Tuesday, 6 April 2010

Phil Tanner, for Peter



Just left the house for the first time in 3 days and the air is primed and musky with a lurid stickiness that even drowned out the cat alarms, but what the fields must have smelled like down in the village of Llangennith on the Gower peninsula back in 1937 one can only strive to imagine. Ale, probably. Llangenny's Phil Tanner was recorded by the BBC in 1937 and 1949 singing a selection of traditional ballads, bawdy verses and "mouth music", the latter a vocal style imitating the whiddles and trumps of fiddle music and sounding gloriously like a kind of drunken rural glossolalia, interspersed with dance accompaniment instructions ["step"] and the odd joyous yelp. A victim of the grossly unjust late 19th century land laws in Wales that were investigated in 1893 by the Liberal government, Tanner married a 50 year-old widowed landlady at 25 and was a weaver and farm labourer for most of his life. The liner notes to Veteran's 2003 release The Gower Nightingale make a pretty good effort at re-inserting the socio-economic context of Tanner's life and times into the sickeningly halcyon nostalgia of Wynford Vaughan Thomas' caricature of the man as one of the "amiable eccentrics" peddled on his 1976 BBC radio programme of the same name. Thomas, whose commentary on Tanner appears on the CD in two parts, essentially presents the folk singer as a vehicle for his own brand of lamentable faded-youth Hardy-esque countryside quaintness who "wasn't concerned with protest in the slightest degree" (despite the fact that he was one of the very few farm labourers actually to give evidence of the working man's plight in the district to the Royal Commission on Land in Wales & Monmouth as part of the above mentioned investigation, and was consistently refused farm tenancy and thus social advancement by the machinations of the local landowner) and was always "happy and contented" (despite the cruel and ineluctable fates of the characters in the songs he sang).
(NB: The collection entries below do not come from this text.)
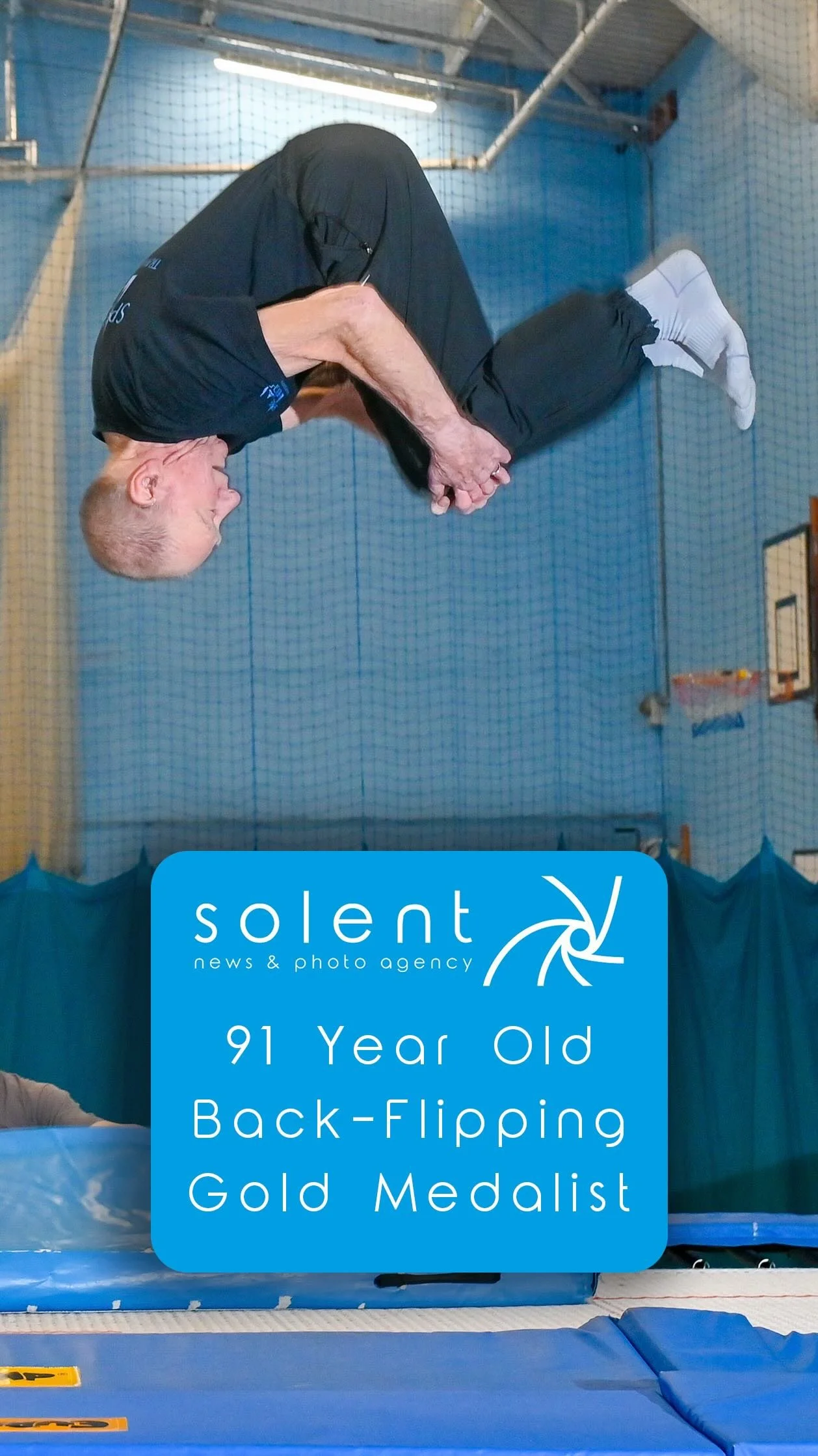 FLIPPING INCREDIBLE! A British champion gymnast has made a winning comeback to trampolining 40 years after his last competition - at the age of 91. Backflipping great-grandfather Peter Quinney proved age is just a number as he won two gold medals at a trampolining competition.
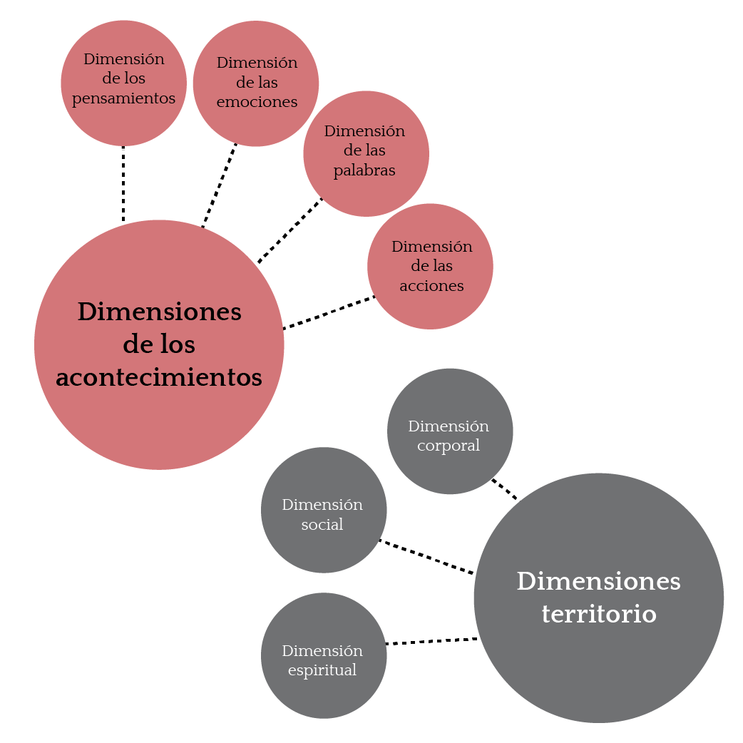 Lo corporal, lo social y lo espiritual, se presentan como dimensiones territorio, siendo el lugar donde se manifiestan los acontecimientos, las modificaciones y los cambios. Al mismo tiempo condicionan las posibilidades de despliegue de las primeras cuatro dimensiones.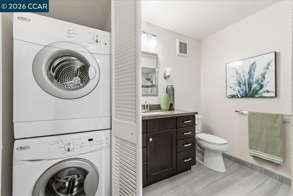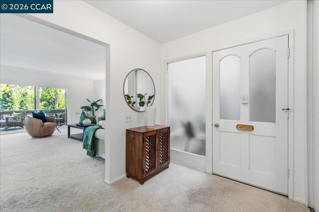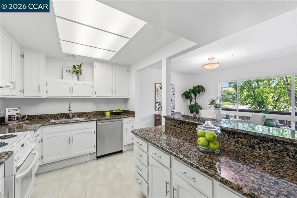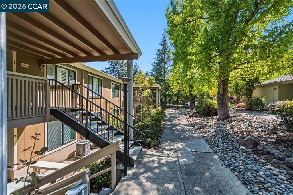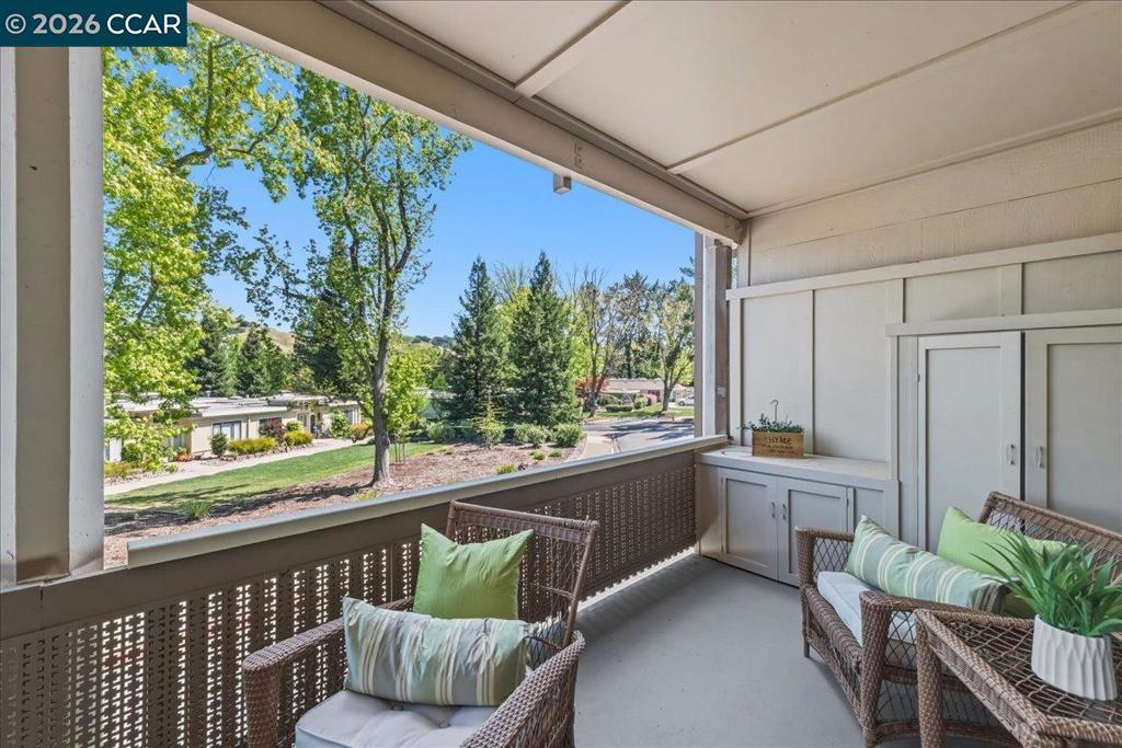 Delightfully light and bright Sonoma co-op beckons with updated kitchen and bath, fresh paint, and a truly wonderful hill and tree view, (one of the best for a Sonoma!) from an open balcony, just steps from the vibrant Gateway Clubhouse in Rossmoor, the premier 55+ active adult community. Enjoy a sparkling white kitchen with granite counters and vinyl flooring; remodeled bath with large tiled stall shower, granite vanity and stacked washer/dryer; smooth ceilings throughout, dual pane window and slider, plantation shutters in bedrooms, and a brand new water heater. Enjoy an ideal location close to carport and the many activities of Gateway, including Friday Farmers Market, movie theatre, library, arts and crafts studios, and all the amenities of Rossmoor. Welcome home!

The liners, meanwhile, present a lovingly researched history not only of Tanner and his clan, but of wassailing, bidding weddings and mouth music, and Roy Palmer provides some interesting commentaries on the songs themselves.
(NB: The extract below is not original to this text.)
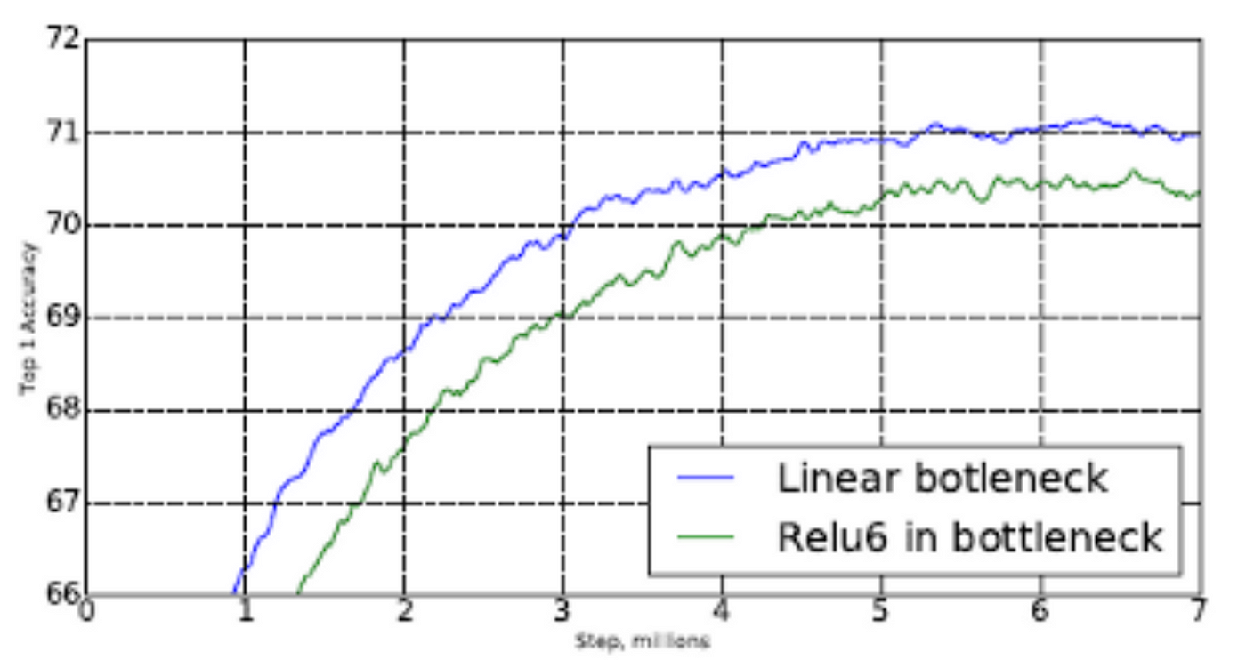 MobileNet2의 저자는 manifold가 ReLU를 통과하고 나서도 입력값이 양수로 남아있다면, 결국 identity matrix(0과 1로 이루어진 단위행렬)와 곱해진 단순한 선형변환(linear trasnformation)과 같다고 볼 수 있다고 한다. 따라서, ReLU를 사용하지 않고 linear transformation 역할을 하는 linear bottleneck layer를 만들어서 차원은 줄이면서 주요정보는 유지하자는 컨셉이다. 그리고 여기서 Inverted bottleneck구조가 사용되었고 이때부터 유명해지고 널리 사용되었다.

I've put up a few of Tanner's more astonishing songs here, including an example of his mouth music, a style that prevails amongst those crazy "travelling folk" of most areas of the British Isles, and quite remarkably beautifully is called "tuning" by the Renals & Legg family of North Cornwall in particular (says Palmer). The Gower Wassail would've been sung as Tanner went wassailing with his own brew, and exchanged verses with those upon whom he'd called for a dance and a drink. Young Roger Esquire seems to be a particularly self-reflexive & satirical song, the last verse apparently deflating the entire episode with a cod-heroic statement from our greedy eponymous hero. Palmer dates the song to early 19th century, which fits. The Gower Reel mouth music is a joy and a hoot - three separate versions are presented on the CD, which can be found here. And is it just me, or perhaps my latent ageism and beardism, but does anyone else spot the uncanny resemblance between Tanner (above), and a certain late, famous British sound poet in full flow? Just a teenchy bit? And isn't the mouth music the icing on the cake of that potentially spurious comparison? How fruitful would it be to think about Cobbing's work less in terms of pure sound, and more in terms of song?

Lastly, I should point to a particularly stunning verse from Tanner's version of the Wassail that, according to Palmer, is found in no others:

We know by the moon that we are not too soon,
And we know by the sky that we are not too high;
We know by the stars that we are not too far,
And we know by the ground that we are within sound.

Which I suppose is pretty much about as Hölderlinian as you can get 70 years ago in rural South Wales, that measuring of song as breath and spirit, deeply alive (and probably just as deeply drunk), isomorphic with the measuring of oneself against the body of song from which the singer emerges, and into which he disappears.